▶ [Dataset extract]
· · · · ·
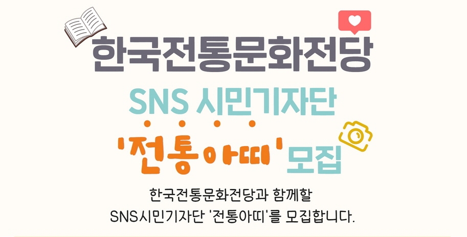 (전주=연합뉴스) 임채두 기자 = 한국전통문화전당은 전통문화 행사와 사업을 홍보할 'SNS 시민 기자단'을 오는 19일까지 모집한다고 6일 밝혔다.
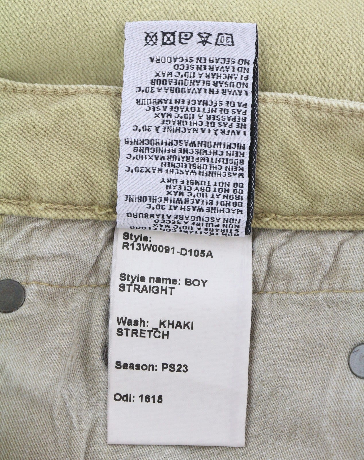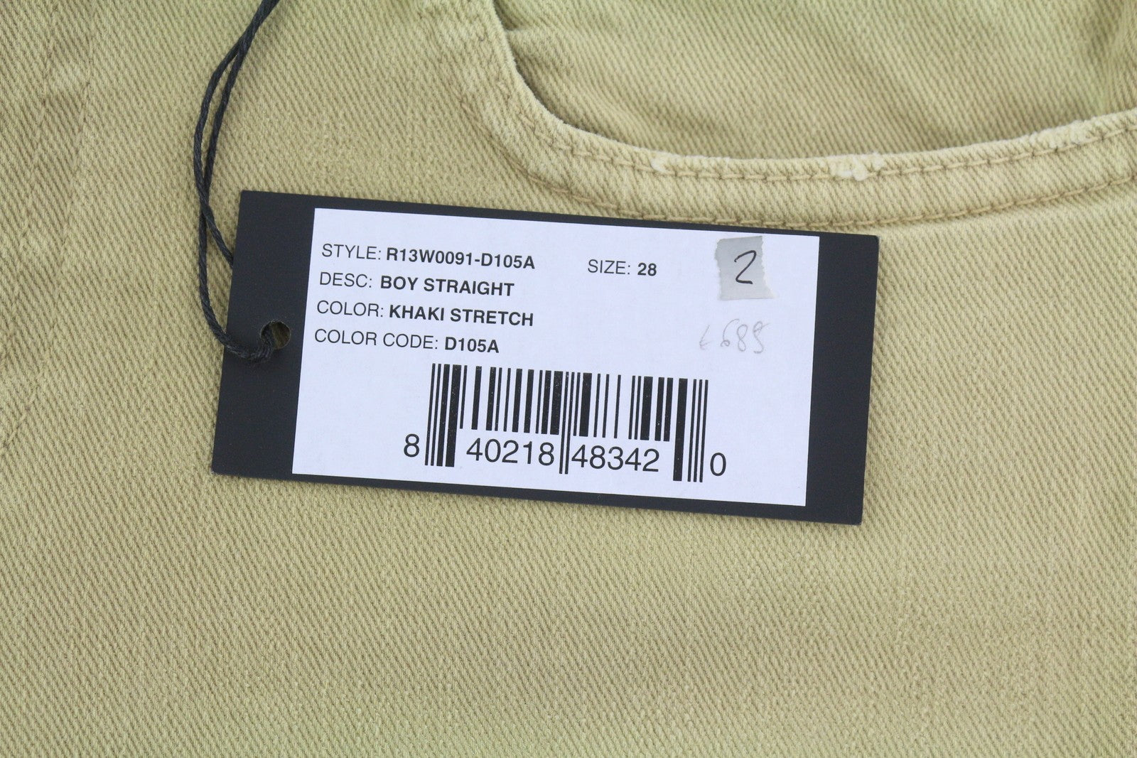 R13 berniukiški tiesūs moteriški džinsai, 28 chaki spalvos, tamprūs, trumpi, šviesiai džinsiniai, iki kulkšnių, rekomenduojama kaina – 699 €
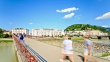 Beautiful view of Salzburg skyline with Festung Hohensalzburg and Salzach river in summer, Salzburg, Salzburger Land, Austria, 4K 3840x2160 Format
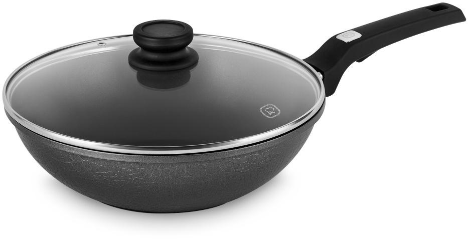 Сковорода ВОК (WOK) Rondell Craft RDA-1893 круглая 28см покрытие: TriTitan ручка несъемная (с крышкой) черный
· · · · ·
Nothing but an exact copy of the data, without pictures, should be returned.

 (전주=연합뉴스) 임채두 기자 = 한국전통문화전당은 전통문화 행사와 사업을 홍보할 'SNS 시민 기자단'을 오는 19일까지 모집한다고 6일 밝혔다.
 R13 berniukiški tiesūs moteriški džinsai, 28 chaki spalvos, tamprūs, trumpi, šviesiai džinsiniai, iki kulkšnių, rekomenduojama kaina – 699 €
 Beautiful view of Salzburg skyline with Festung Hohensalzburg and Salzach river in summer, Salzburg, Salzburger Land, Austria, 4K 3840x2160 Format
 Сковорода ВОК (WOK) Rondell Craft RDA-1893 круглая 28см покрытие: TriTitan ручка несъемная (с крышкой) черный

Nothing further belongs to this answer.